Со временем я лучше узнала квартиру. В просторной главной комнате было два больших окна с видом на улицу Пестеля, одно из них — с балконом, куда я, правда, ни разу не выходила. Очень высокие потолки с лепными украшениями. Справа от входной двери возвышалась громадная супружеская кровать. Между окнами и кроватью — обеденный стол с четырьмя стульями; обычно накрывалась лишь половина стола. На другую половину, во время еды, запрыгивала кошка, но ее тотчас приглашали спуститься. У левой стены стоял буфет с сервизами за стеклом, у правой — платяной шкаф, телевизор, на полочке возле кровати — огромный флакон “Шанель №5”. На полке рядом с входной дверью — фотография: Иосиф в Венеции, на нем фетровая шляпа с широкими полями.

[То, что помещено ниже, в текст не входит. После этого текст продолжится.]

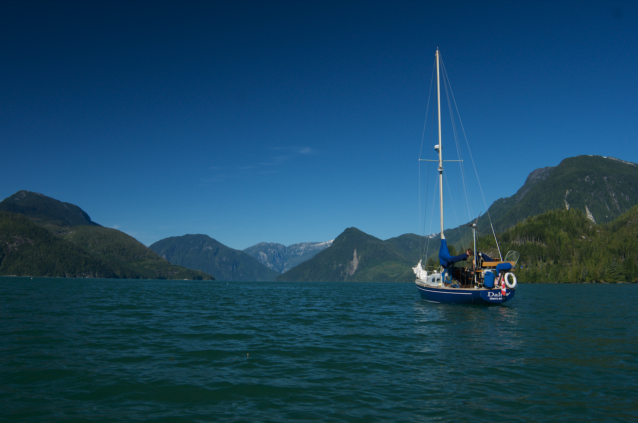 Knight Inlet’s predictable morning outflow winds make for a pleasant trip out of the inlet. Mowat spots a pod of Orcas but they are travelling fast, slicing through the water chasing salmon. I prepare cream cheese and prawn omelettes and we eat on deck, the sun finally rising over the tall peaks of the mainland.
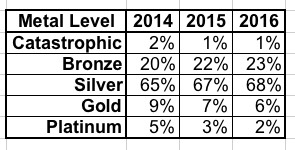 - METAL LEVELS: As you can see, each year, more and more people seem to be realizing that ultra-low-end (Catastrophic) and ultra-high-end (Platinum) plans aren't the wisest way to go, settling on the low- and mid-range (Bronze/Silver) options. My gut tells me that about 1/3 of those choosing Bronze plans would still be better off going with Silver, but the trend so far is actually fairly encouraging on this front:
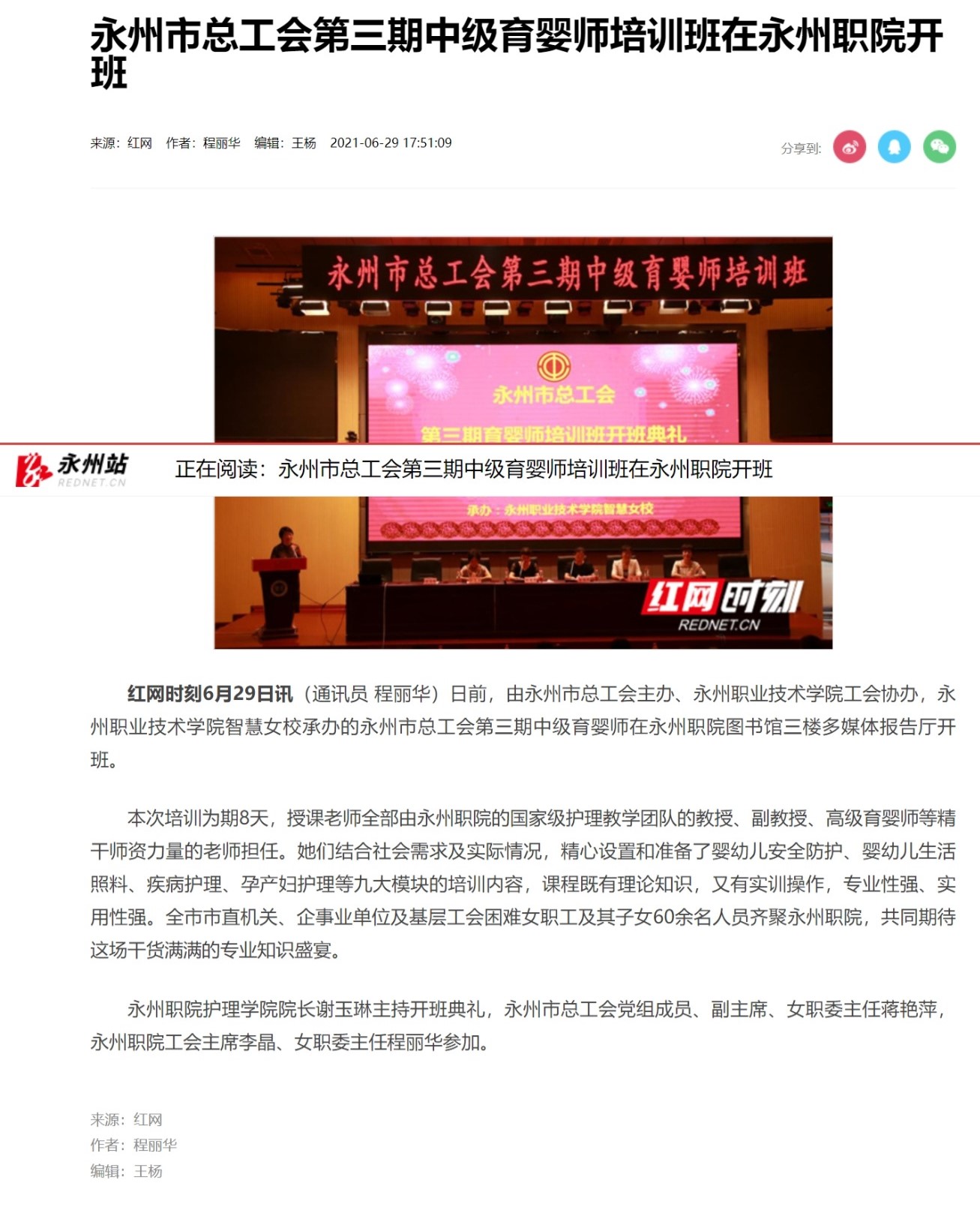 红网时刻6月29日讯(通讯员 程丽华)日前,由永州市总工会主办、永州职业技术学院工会协办,永州职业技术学院智慧女校承办的永州市总工会第三期中级育婴师在永州职院图书馆三楼多媒体报告厅开班。

Мебель не новая и не старинная, не уродливая, но и не особенно красивая. Просто громоздкая. Заметно было, что предметы подбирались тщательно и со вкусом: темно-красное покрывало, чайные стаканы с серебряными подстаканниками; никаких нейлоновых кружев, излишних побрякушек. В целом, не возникало ощущения сельского дома, переехавшего в город вместе со всей обстановкой, — ощущения, знакомого мне по другим русским квартирам.

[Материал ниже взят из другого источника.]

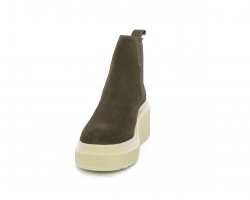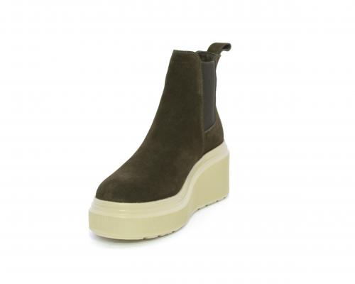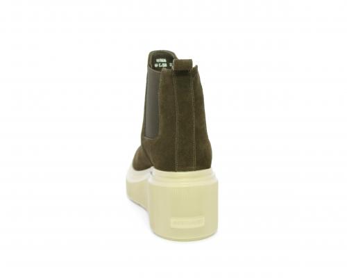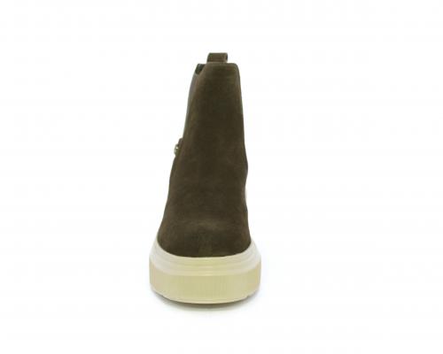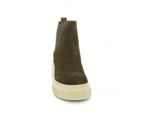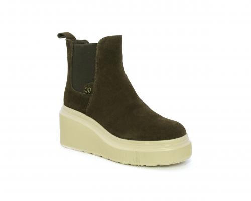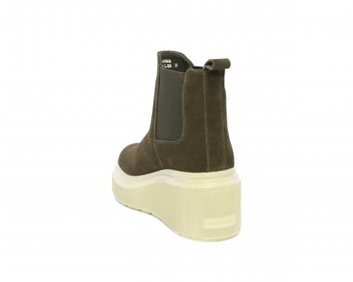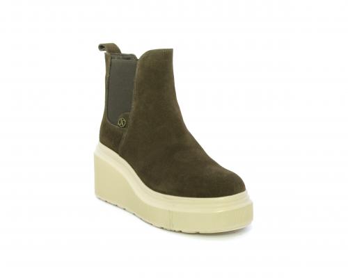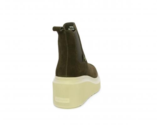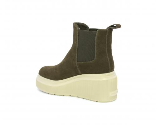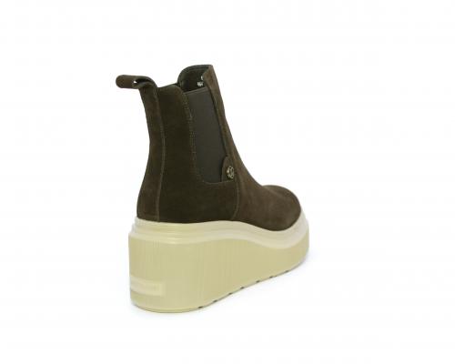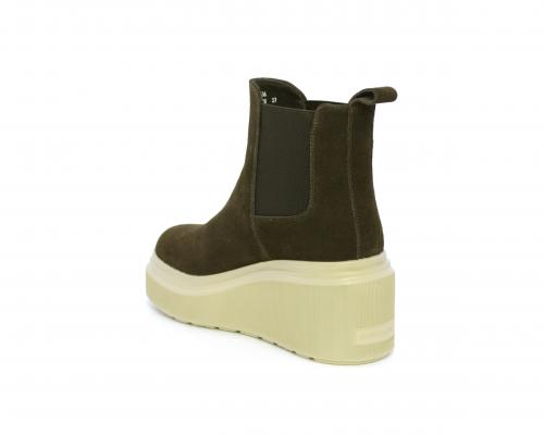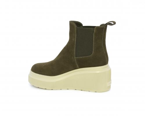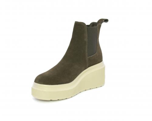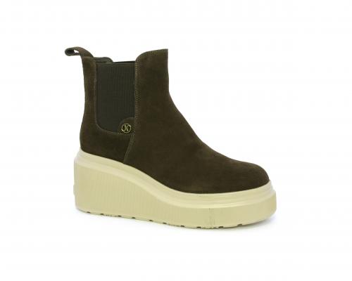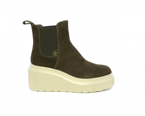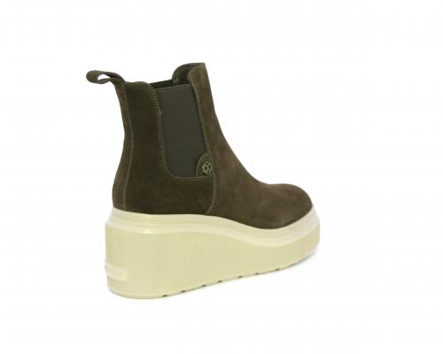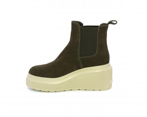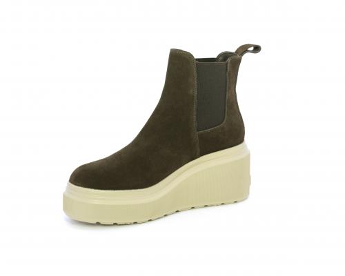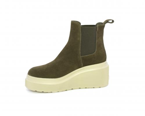 Stivaletto con doppio elastico, zeppa e plateaux in gomma, tomaia in camoscio, sottopiede in pelle, fodera interna in tessuto, fusbet estraibile con merory.
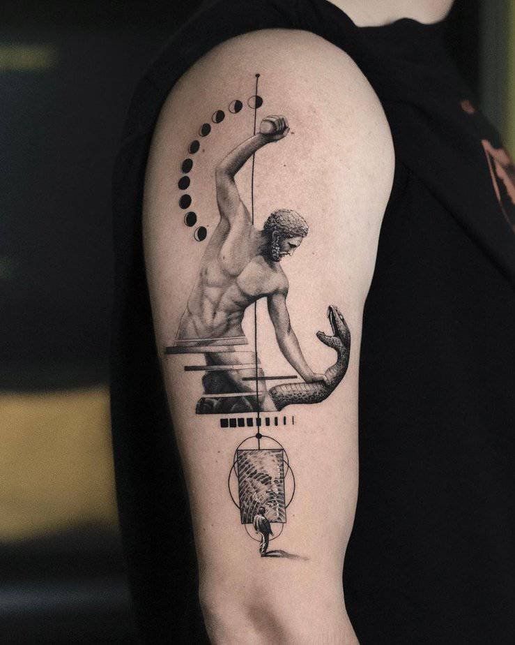 This one looks carved — the gaze, the hair, the beard all so precisely rendered you could almost trace it with your fingers. If you’re into classical sculpture vibes and clean, detailed tattooing, this is a gorgeous reference.
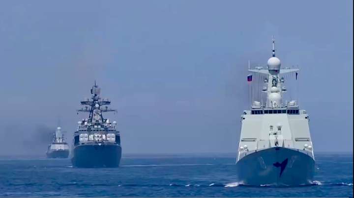 “海上联合 - 2025”联合演习于今年8月1日至5日在俄罗斯符拉迪沃斯托克附近海空域举行。演习结束后,中国海军绍兴舰、千岛湖舰与俄罗斯海军“特里布茨海军上将”号大型反潜舰等3艘水面舰艇及2架舰载直升机组成联合编队,又在西太平洋某海域组织海上联合巡航。

Справа, за темной портьерой, скрывалась проходная комната, где раньше жил Иосиф. Впоследствии он рассказывал мне о связанных с ней кошмарах. Комната имела два входа. Высокая, жесткая кровать была придвинута к окну; отец любил отдыхать на ней и всегда оставлял внизу пару ботинок. Черно-белая фотография — отец в форме морского офицера — висела у изголовья. Но большую часть времени кровать пустовала. Сейчас, после стольких лет, вспоминая рассказы Иосифа о детстве, об отце-тиране, без промедления снимавшем ремень, чтобы отхлестать сына, я иначе вижу эту фотографию, и офицерская форма представляется мне костюмом дрессировщика тигров. Лицо на портрете было полнее и не имело почти никакого сходства с оригиналом. Только властное выражение осталось.
Слева на полках стояли книги и открытки, одна даже из Рима. Напротив входа — небольшой письменный стол, его письменный стол, со множеством книг. Книжные полки закрыты от пыли полиэтиленом. Сквозь мутный слой полиэтиленовой ткани с трудом можно было разглядеть ряды карманных словарей: русско-английский, русско-французский, русско-итальянский, русско-шведский, русско-греческий, русско-…..
Повсюду фотографии друзей и подруг, его собственные. На одном снимке — он с бородой; и целая серия его портретов в галстуке, снятая накануне отъезда. Верхнюю полку занимали старые пустые бутылки с иностранными этикетками, — русские мальчики хранили их как трофеи из других миров. За письменным столом на куске коричневого картона воззвание в духе начала шестидесятых: “Wanted, dead or alive”2 — с его именем, пророчески напечатанным по-английски, а внизу сумма вознаграждения.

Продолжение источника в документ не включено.